For both strips that are parallel to warp and weft threads, the tensile force increases with increasing concentrations of CNF suspensions at 0.2%, 0.4%, 0.6%, and 0.8%, while starting to decrease when treated with higher concentrations of CNF suspensions at 1%. The mechanical properties of cellulosic materials are mainly determined by fiber length, fiber strength, and fiber-to-fiber bonding areas [18,31]. It is assumed that the amount of the fiber-to-fiber bond in textiles could be increased by introducing the CNF particles, and thus, the mechanical properties can be improved. However, the introduction of nanocellulose can also increase the material stiffness, which might be the reason that tensile force decreased when an excessively high amount of CNF was applied [32].
As shown in Table 1, the pH of treated samples increases from 4.5 to 6.9 with the increasing concentrations of CNF suspensions, which is due to the fact that the pH of CNF is about neutral and the pH values of all samples have slightly decreased after degradation under both conditions. The dry heat condition has a larger effect on pH decrease than the moist heat condition; e.g., for the sample treated with 1% CNF suspension, its pH decreased by 7.2% and 11.6% after dry- and moist-heat degradation, respectively.

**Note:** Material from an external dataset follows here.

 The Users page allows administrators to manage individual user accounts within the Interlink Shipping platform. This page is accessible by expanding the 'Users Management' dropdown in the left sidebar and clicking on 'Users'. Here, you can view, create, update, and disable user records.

The transmittance of CNF films was also explored, showing a decreasing trend with an increase in concentrations of CNF suspensions in the range of the visible spectrum (Figure 2a), as CNF nanoparticles show a white color and are not transparent. However, the transmittance data of all film samples can still be kept at >85%, suggesting a small influence caused by CNF particles on textile transparency. A slight color difference (ΔE) was observed for model samples before and after CNF treatment (Figure 2b). Samples treated with >0.6% CNF suspensions only show a perceivable color difference (2 < ΔE < 4). This finding is consistent with the study by Chinga-Carrasco et al. [33], which found that CNF coatings do not largely affect the optical properties of board materials. The dry heat condition has a greater impact on color changes compared to moist heat degradation for both untreated and treated samples.

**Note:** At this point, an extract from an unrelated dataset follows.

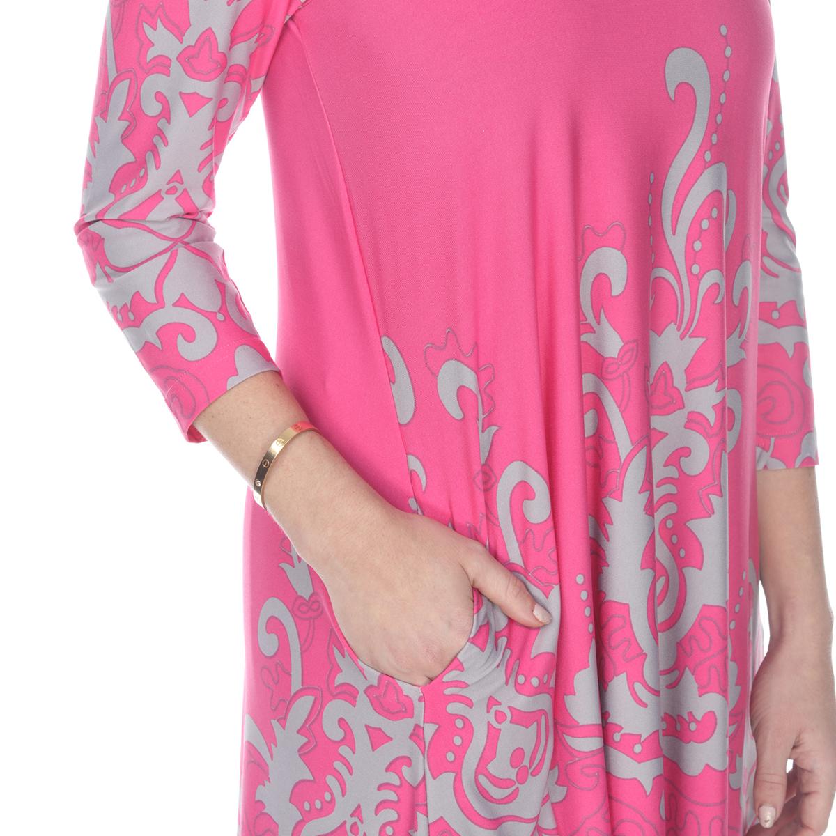 This White Mark Yanette pink and grey printed tunic top will make a chic addition to your clothing collection. Its flattering design drapes effortlessly across your body with a bold and flirty print. Other features include a boat neck and 3/4 length sleeves that will make you look stylish and feel comfortable.

Taking into consideration the mechanical properties, pH values, and color changes in model samples before and after treatment with CNF suspensions as explored above, it was found that 0.6% CNF suspension is the most appropriate among all concentrations for reinforcement and will be used for the subsequent experiments.
The stability of the model textile sample treated with 0.6% CNF suspension was also investigated after dry- and moist-heat degradation, where specimens that are parallel to warp and weft threads were prepared, and the results are shown in Figure 3. The tensile force decreased after degradation for both untreated and treated samples. Also, it is obvious that treated samples all demonstrate higher retention rates of mechanical properties than the untreated, indicating the reinforcing effects of the CNF. Moist heat causes more negative effects than the dry heat condition for our model textile samples.
3.2. Deacidification for Model Samples
In order to neutralize acids and create an alkaline buffer in the scroll painting (pH at ~4.5), nanosized MgO in an aqueous solvent was used for deacidification. As reported in the study of Kwiatkowska, Wojech, and Wójciak [34], MgO nanoparticles tend to have better deacidification performance than particles of micrometric size for paper materials. This might be due to the better penetration of nanosized MgO. As shown in Table 2, the pH of model samples treated with 0.6% CNF suspension (denoted as the CNF sample in the subsequent content) shows an increasing trend after treatment with nanosized MgO with a series of concentrations from 0.01 to 0.3%. This indicates that more characterizations are needed to be conducted for selecting appropriate and compatible concentrations of MgO suspension for further deacidification.
In Figure 4, CNF samples present better mechanical properties after treatments with all concentrations of nanosized MgO suspensions, where the tensile force of CNF samples increases with the concentration of MgO suspensions from 0.01 to 0.15% but begins decreasing with the concentration >0.15%, where samples that are parallel to warp and weft threads show the same trend.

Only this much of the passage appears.